Are you sure you are not looking at max_sectors (not max_hw_sectors) ?
For an average SATA HDD, generally, you get:

# cat max_hw_sectors_kb
32764
# cat max_sectors_kb
1280

So 32MB max command size per hardware limitations. That one cannot be changed.
The block IO layer uses the 1280KB soft limit defined by max_sectors
(max_sectors_kb in sysfs) but the user can tune this from 1 sector up to
max_hw_sectors_kb.

> 
>>> The other two users of iomap for buffered io (gfs2 and zonefs) don't
>>> have a means to defer and combine ioends like xfs does.  Do you think
>>> they should?  I think it's still possible to trip the softlockup there.
>>>
>>
>> I'm not sure. We'd probably want some feedback from developers of
>> filesystems other than XFS before incorporating a change like this.
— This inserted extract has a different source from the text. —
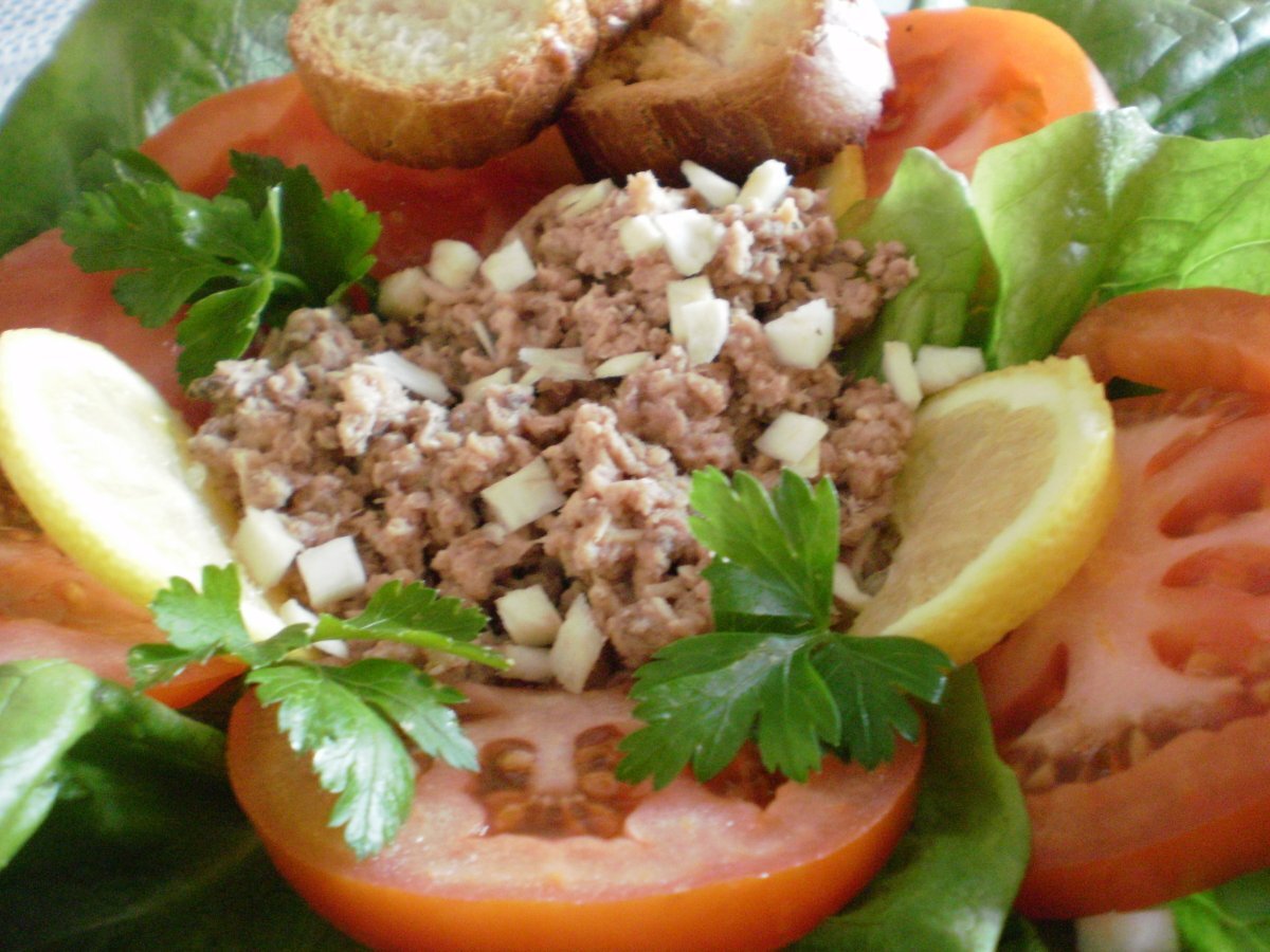 Salata de ton cu hrean PrecedentulUrmătorul AntreuriFoarte ușor15 min Trimite unui prieten Printează pagina Adresează o întrebare autorului Postează o poză cu rețeta gătită de tine Ingrediente 1 Ingrediente: putin hrean taiat marunt frunze de patrunjel proaspat suc de lamaie 1 lamaie 1 conserva de ton maruntit boabe piper 1 rosie frunze de salata verde si sare

The
>> first patch in the series more just provides some infrastructure for
>> other filesystems to avoid the problem as they see fit.
> 
> Hmm.  Any input from the two other users of iomap buffered IO?  Who are
> now directly in the to: list? :D
> 
> Catch-up TLDR: we're evaluating a proposal to limit the length of an
> iomap writeback ioend to 4096 pages so that we don't trip the hangcheck
> warning while clearing pagewriteback if the ioend completion happens to
> run in softirq context (e.g. nvme completion).
> 
> --D
> 
>> Brian
>>
>>> --D
>>>
>>>> + * high throughput and large bios, the ioends are merged on completion and
>>>> + * processed in large, efficient chunks with no additional IO latency.
>>>> + */
>>>> +#define IOEND_MAX_IOSIZE	(4096ULL << PAGE_SHIFT)
>>>> +
>>>>  struct iomap_writeback_ops {
>>>>  	/*
>>>>  	 * Required, maps the blocks so that writeback can be performed on
>>>> -- 
>>>> 2.26.3
>>>>
>>>
>>
> 

-- 
Damien Le Moal
Western Digital Research